Early in life, he was involved in debate. While in high school in 1919, he won the silver medal in the championship of the Southern California Debating League. After high school, he attended Stanford, where he was also a member of the debate team.

After being educated at Stanford, he became a lawyer. He acted as deputy district attorney of San Diego county from 1926 to 1932 and as deputy city attorney of San Diego from 1942 to 1947.

==Christian Identity==

Comparet joined with Wesley Swift to form the Anglo Saxons Christian Congregation. Swift served as president, with Comparet as vice president. The congregation began meeting in 1945, but was not incorporated until 1948. That same year, Comparet also incorporated "Dr. Wesley Swift's Ministry, Inc." of which he and Swift were directors.

Comparet served as lawyer for several Christian Identity organizations, including the Christian Defense League. He was also involved with the Christian Nationalist Crusade. In the 1954 election, Comparet provided legal representation to the Christian Nationalist Party to conduct a write-in campaign for Douglas MacArthur for president and Senator Jack B. Tenney for vice-president, with the hope that the Republican and Democrat candidates would be so close, neither would have a majority, leading to a vote in the House of Representatives, which could then elect MacArthur.

When Marcellus Baxter was tried for selling academic degrees, Comparet represented him, with the defense that the degree was not being sold but rather conferred. The course and instruction was sold, while degree was conferred upon completion of the course, which was on the honor system. Ultimately, Baxter pleaded guilty and received two years probation.
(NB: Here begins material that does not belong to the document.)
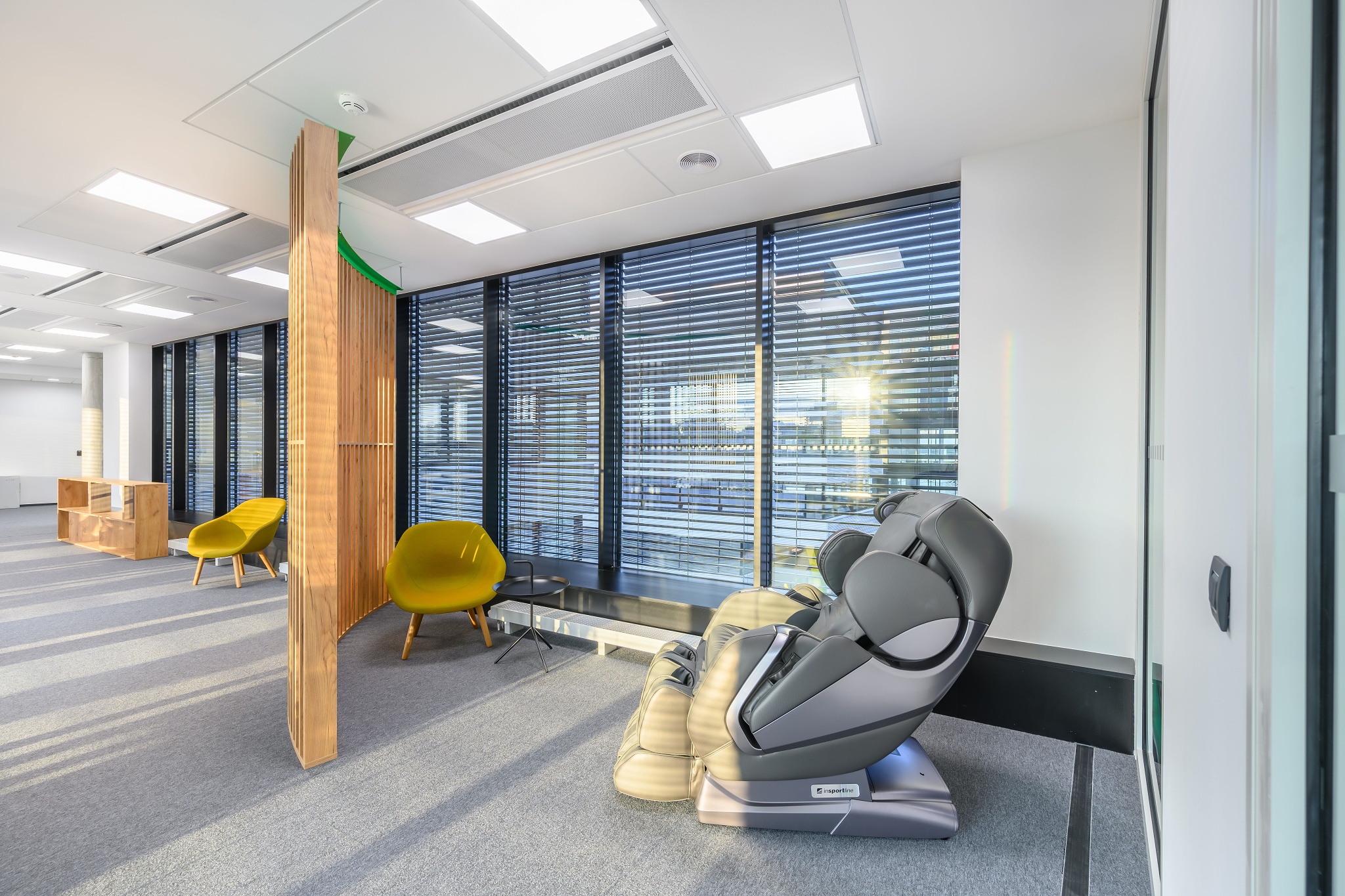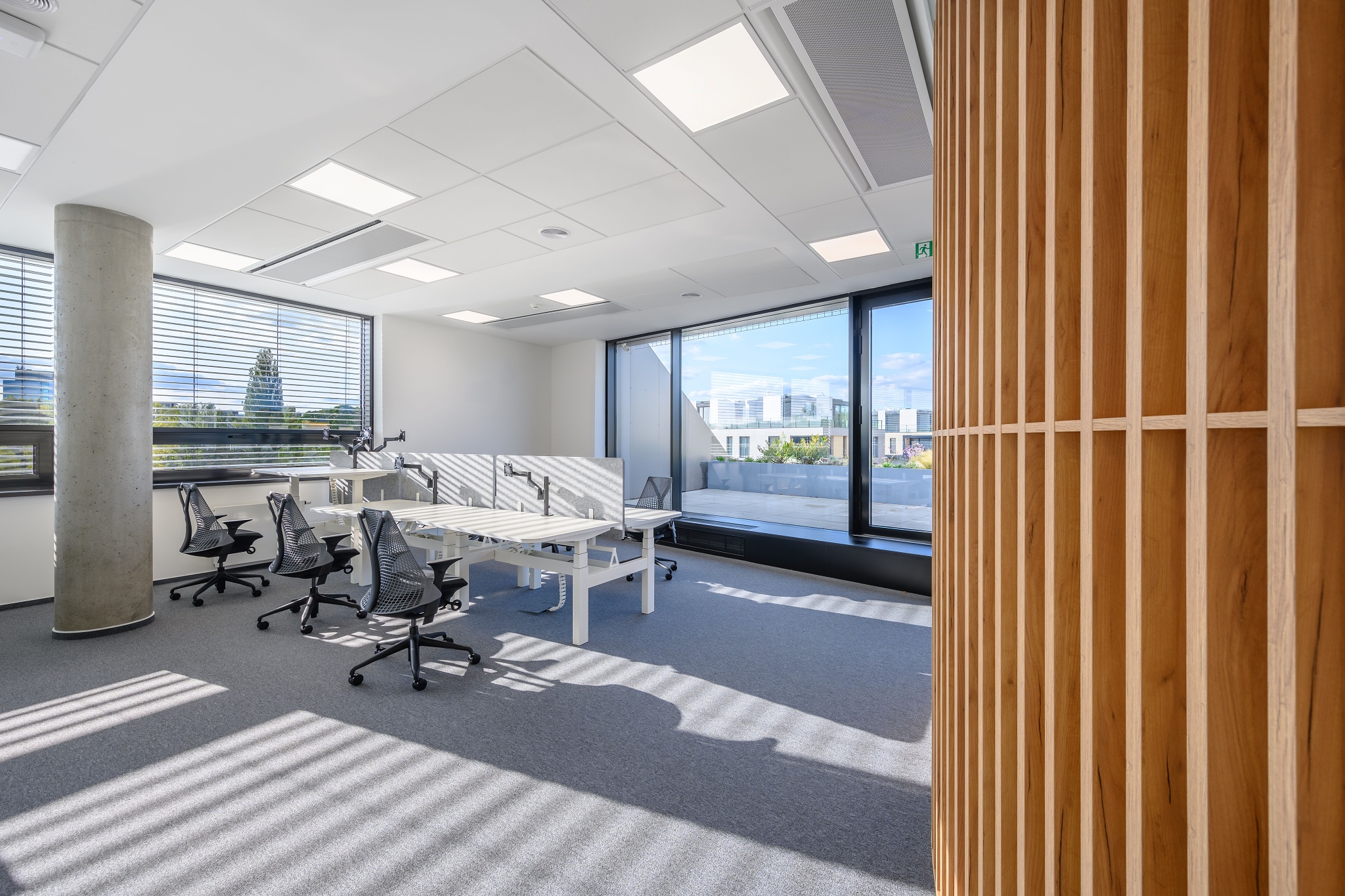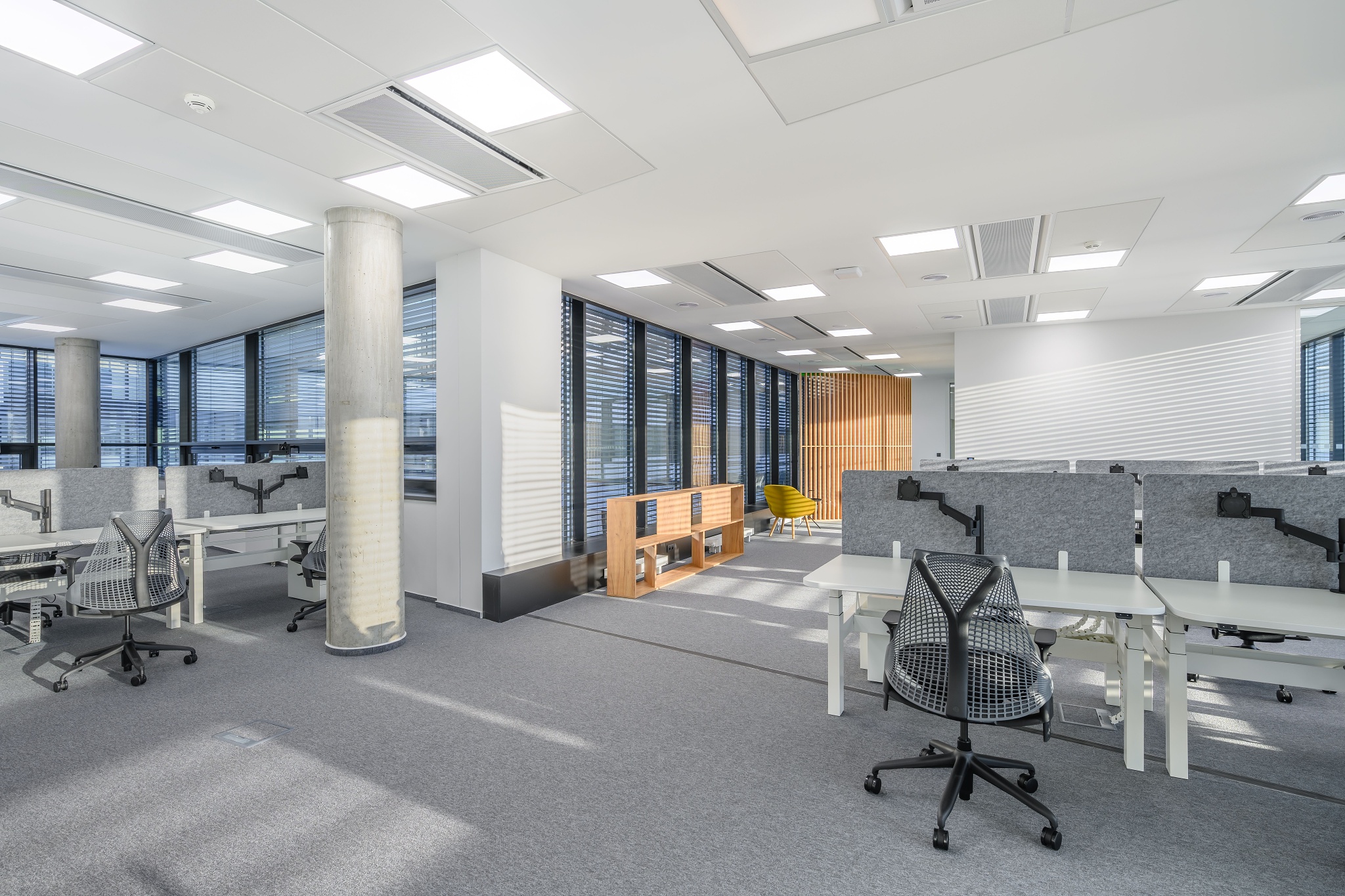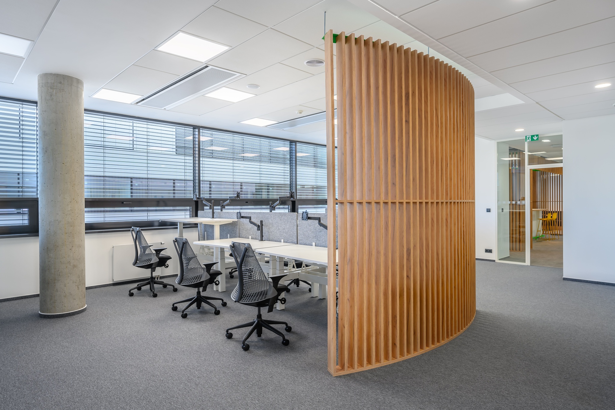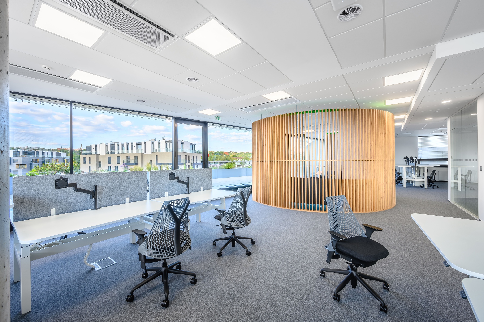 V nových prostorách společnosti Wrike zaznívají příjemné barevné přírodní tóny dřeva v kontrastu s přiznanou průmyslovou šedí pohledového betonu. To vše oživeno paletou jasných barev použitých na podlahových krytinách. Do takto komplexně řešeného projektu jsme přispěli jednak mnoha originálními prvky atypického nábytku, ale také našimi osvědčenými evergreeny od společnosti Herman Miller, Hay a Enea. Pracoviště jsme vybavili ergonomickou novinkou od CBS - rameny Lima a skvělými kancelářskými židlemi Sayl. Naopak zasedací místnosti zdobí naše řada meetingových stolů cre8 Puzzle a aby ladily s pracovišti, i zde jsou použity židle Sayl, ovšem ve své zasedací podobě. Jedním prvkem tak vznikl propojený harmonický celek.

Following the 1964 arrest of Christian Defense League member William H. Garland for weapons charges, Comparet handled his legal defense.
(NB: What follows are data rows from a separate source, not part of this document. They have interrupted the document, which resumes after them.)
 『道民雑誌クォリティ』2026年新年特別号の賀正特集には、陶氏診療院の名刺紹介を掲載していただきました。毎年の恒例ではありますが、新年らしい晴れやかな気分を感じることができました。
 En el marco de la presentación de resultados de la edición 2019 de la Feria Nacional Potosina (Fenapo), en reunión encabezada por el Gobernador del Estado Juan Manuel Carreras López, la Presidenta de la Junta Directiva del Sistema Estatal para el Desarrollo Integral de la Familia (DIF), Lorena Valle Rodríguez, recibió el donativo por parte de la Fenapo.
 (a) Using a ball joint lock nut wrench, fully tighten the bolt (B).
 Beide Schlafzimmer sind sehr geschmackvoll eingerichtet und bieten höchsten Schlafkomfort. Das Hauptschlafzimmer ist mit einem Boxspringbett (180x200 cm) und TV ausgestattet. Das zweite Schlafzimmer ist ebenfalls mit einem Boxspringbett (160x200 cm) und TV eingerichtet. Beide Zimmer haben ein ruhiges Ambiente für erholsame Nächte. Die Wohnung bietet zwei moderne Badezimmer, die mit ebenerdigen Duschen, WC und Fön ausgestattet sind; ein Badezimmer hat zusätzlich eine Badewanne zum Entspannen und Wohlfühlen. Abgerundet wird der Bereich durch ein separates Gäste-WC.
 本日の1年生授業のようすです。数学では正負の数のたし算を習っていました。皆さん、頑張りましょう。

Comparet provided representation for members of the Minutemen militia group. In 1964, he represented Harold Schlapia who was found with 11 rifles and 20,000 rounds of ammunition in his car. He was charged with carrying a concealed weapon. In 1965, Comparet handled the defense of Dennis Patrick Mower, a minister and Minuteman member, who stood trial on charges related to the illegal transfer of an automatic weapon.

==Beliefs and ministry==
Comparet was part of Christian Identity's emergence from British Israelism. He taught that the Jews had never been Israelites, but were instead Canaanites who intermarried with Israelites. He later taught a twist on the Khazar theory by proposing that the Edomite Jews were the ancestors of the Khazars.

Comparet also taught a pre-Adamism that resembled that of Charles Carroll in which the serpent was black pre-Adamite.